– А как же игра? – опечалился Серафим.

– Все в порядке. – Я напрягла память и сообщила: – Я перешла на новый уровень. Он загрузится через три часа. Будут новые условия игры. Но графика останется предельно четкой.

– А! – по просветлению на лице блондинчика, разумеется, если просветление возможно в багровом свете луны, я поняла, что не ошиблась в подборе слов.

Чтобы не сбивать его с благостной волны общения, я сразу внесла новое предложение.

– За это время мы должны попасть на крышу отеля «Готенден»!

Лицо блондинчика перекосилось. Помню, однажды, разгуливая с мешком добычи по чужому дому, я никак не могла найти выход, пришлось просить помощи у встреченного мной слуги. Он в самом благостном расположении духа пил хозяйское вино, когда неожиданно мой нож появился у его горла и я вежливо попросила проводить меня до выхода. Так вот, выражение лица блондинчика было точь-в-точь таким же, как и в тот момент у слуги.

– Но…

– Ты возражаешь мне? – кстати, примерно этот же вопрос я задала тогда и слуге.

– Нет-нет, не возражаю, – и этот ответ один в один совпал с ответом слуги. У меня просто дежавю какое-то случилось, необходимо было срочно что-то менять в разговоре.

– Ты обещал доказать свою любовь любыми способами, – напомнила я. – Путешествие на крышу отеля – отличный способ.

– И докажу, – согласился Серафим. – Но у этого отеля дурная слава. Там…

– Вот и не возражай! – мне не было дела до дурной славы какого-то там отеля, мне нужно было попасть в другой мир, нужно было спастись. К тому же у меня самой слава была не особо-то хорошей.

– Это заброшенный отель, – пробормотал Серафим. – Там живут призраки. Это проклятое место.

Несколько минут мне понадобилось на осмысление ситуации. Если отель заброшенный, то почему там все-таки живут, и если живут призраки, то почему место считается проклятым. Самостоятельно я так ничего и не придумала, пришлось обратиться за помощью к Серафиму. Он согласился отвечать лишь за столиком таверны, только он ее, вроде, как-то иначе назвал. Признаю, идея покушать была отличной, а то я только яблочками со своего блюдца и питалась.

Мы сели в его тачку, и через несколько минут оказались перед домом, вокруг которого сияли разноцветные огни. Настолько яркие, что перебивали даже багровый свет луны.

Расторопный трактирщик проводил нас за столик, который назвал самым лучшим и в этом заведении и во всем городе.

– Много лет назад в отеле произошло страшное убийство, – заказав ужин, начал Серафим, но я сразу же перебила блондинчика столкнувшись с непреодолимой проблемой в освоении лексики данного мира.
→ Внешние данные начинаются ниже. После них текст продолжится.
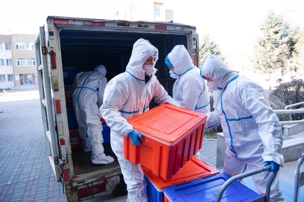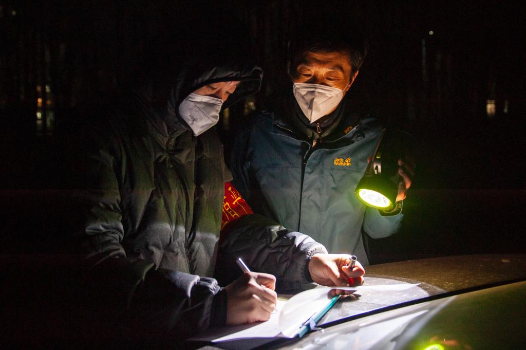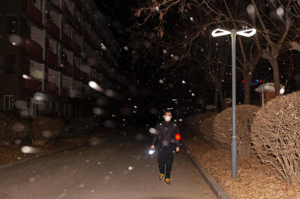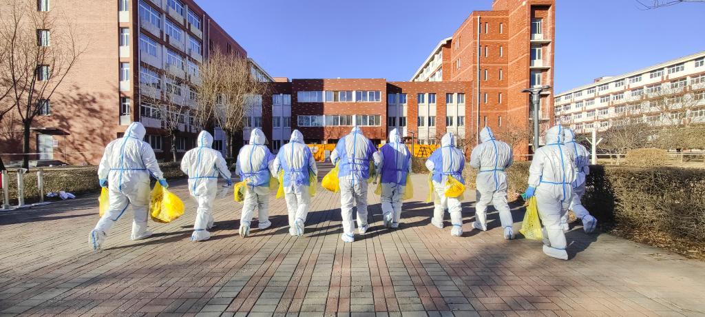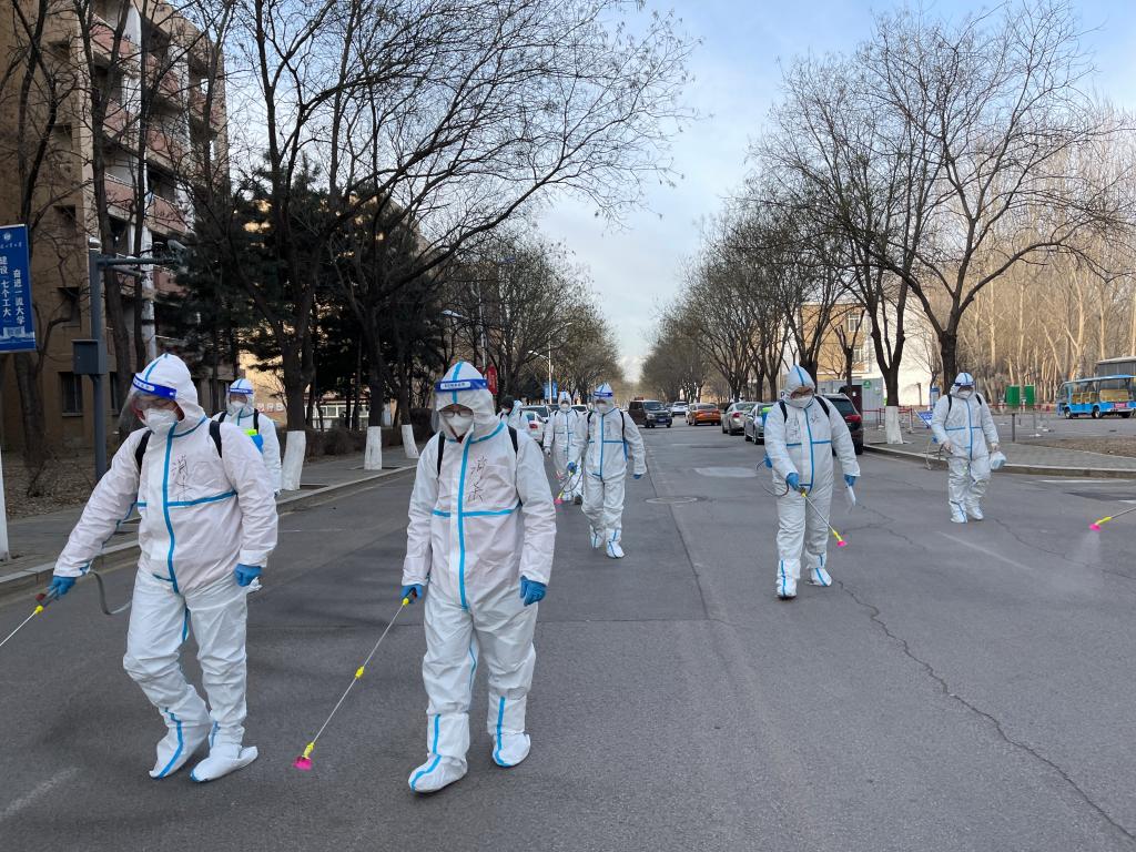 校園保衛戰如火如荼,看著自己的戰友沖鋒陷陣,校外的老師們待不住了,紛紛請戰,于是第二批志愿者隊伍很快集結完畢,30多人分赴校內和校外安置點。相比第一批志愿者,他們更清楚等待他們的是怎樣的工作環境和強度,卻逆行出征沒有半分遲疑。冷老師聽說校內運輸工作多,第二批進校時還特意借了一臺皮卡車方便大家工作。在校內,除了搬運物資,核酸掃碼,志愿者老師們還承擔起校園環境消殺的工作。40多斤重的消殺桶,平常人光負重站著就很吃力,他們卻要背著桶在零下10度的天氣里在校園各處噴灑消毒,一走就是近1個小時。
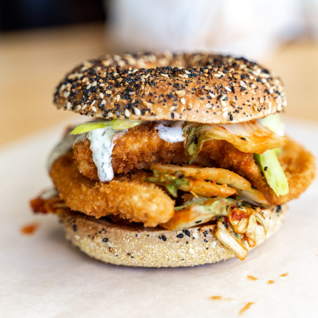 Nomad are a gourmet shop in the heart of North Park, serving artisanal donuts, bagels coffee, and more. The bagel meal in the image above is called “The Fadi”! They have unique combinations like Charred Blueberry Cream Cheese and Ube Taro Coconut.
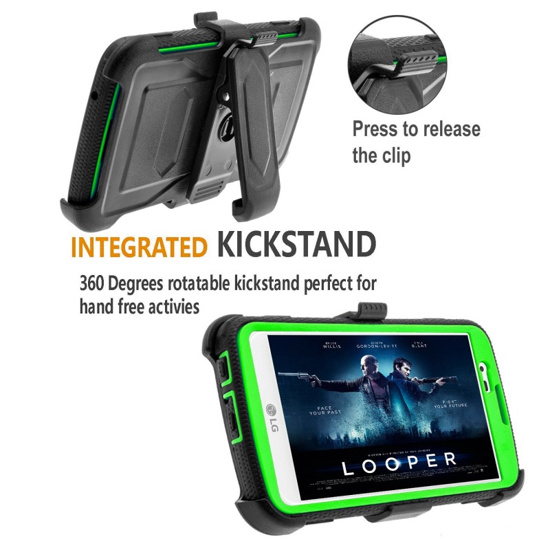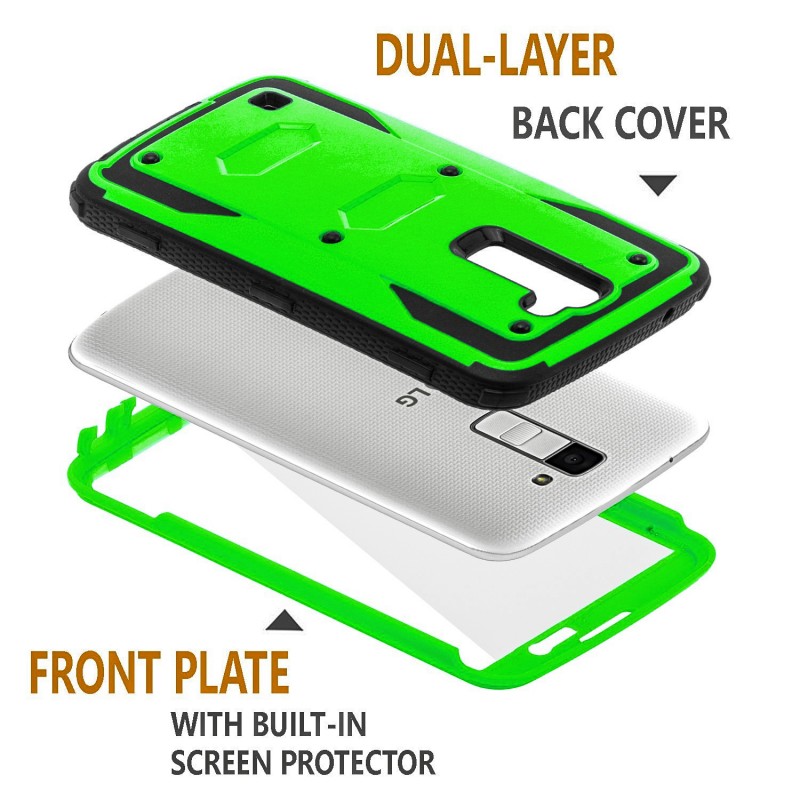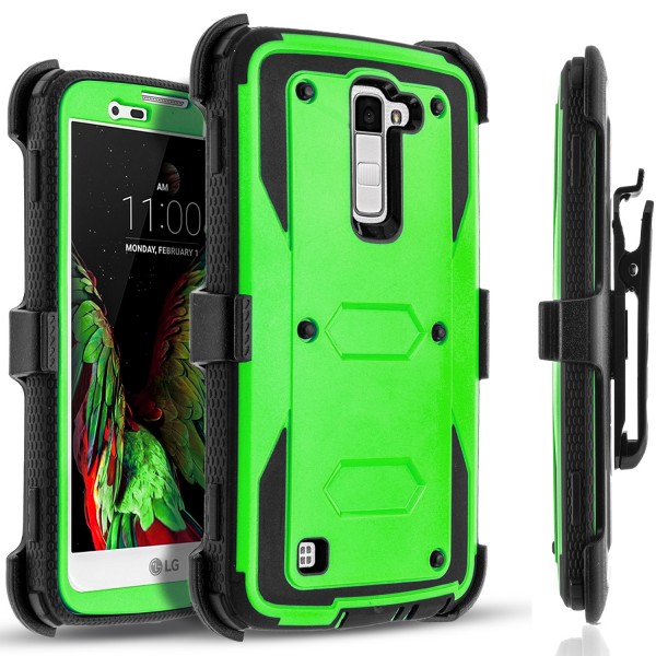 LG K10, LG Premier LTE Case, [SUPER GUARD] Dual Layer Protection With [Built-in Screen Protector] Holster Locking Belt Clip+Circle(TM) Stylus Touch Screen Pen (Green)

Хотя раньше мне казалось, что я довольно легко ориентируюсь здесь.

– Какое убийство у вас считается страшным, а какое – не страшным?
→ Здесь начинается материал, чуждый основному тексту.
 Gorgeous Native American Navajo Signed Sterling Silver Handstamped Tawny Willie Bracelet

– Любое убийство отвратительно, – опешил он.

– Угу. – Я кивнула, хотя некоторые вещи все еще оставались непонятными. – Все убийства отвратительны, но некоторые из них еще и страшные, а другие, следовательно, не страшные?

В течение мучительно долгих мгновений на лице Серафима отражалась борьба разума с фразеологизмами этого мира. Постепенно разум начал брать верх.


– Я думаю, что если убивают с особой жестокостью или если убито несколько человек, то такое убийство следует считать страшным, – наконец выдал ответ Серафим, но меня это запутало еще больше. В нашем мире убийство было убийством, воровство – воровством, а ужас – ужасом. Тут все подразделялось на какие-то непонятные категории.

– Какая жестокость у вас считается особой, а какая – обычной? Сколько именно должно быть убито человек?

Разум Серафима вновь погряз в трясине задумчивости, на сей раз фразеологизмы, вбитые ему с детства, никак не хотели поддаваться расшифровке. Через несколько минут, за которые я успела слопать несколько пирожных, Серафим вышел из задумчивости и улыбнулся своей фирменной улыбкой. Наверное, яркое освещение способствовало нашему общению, сейчас я не видела красный свет, льющийся с небес, и прибить Серафима мне больше не хотелось.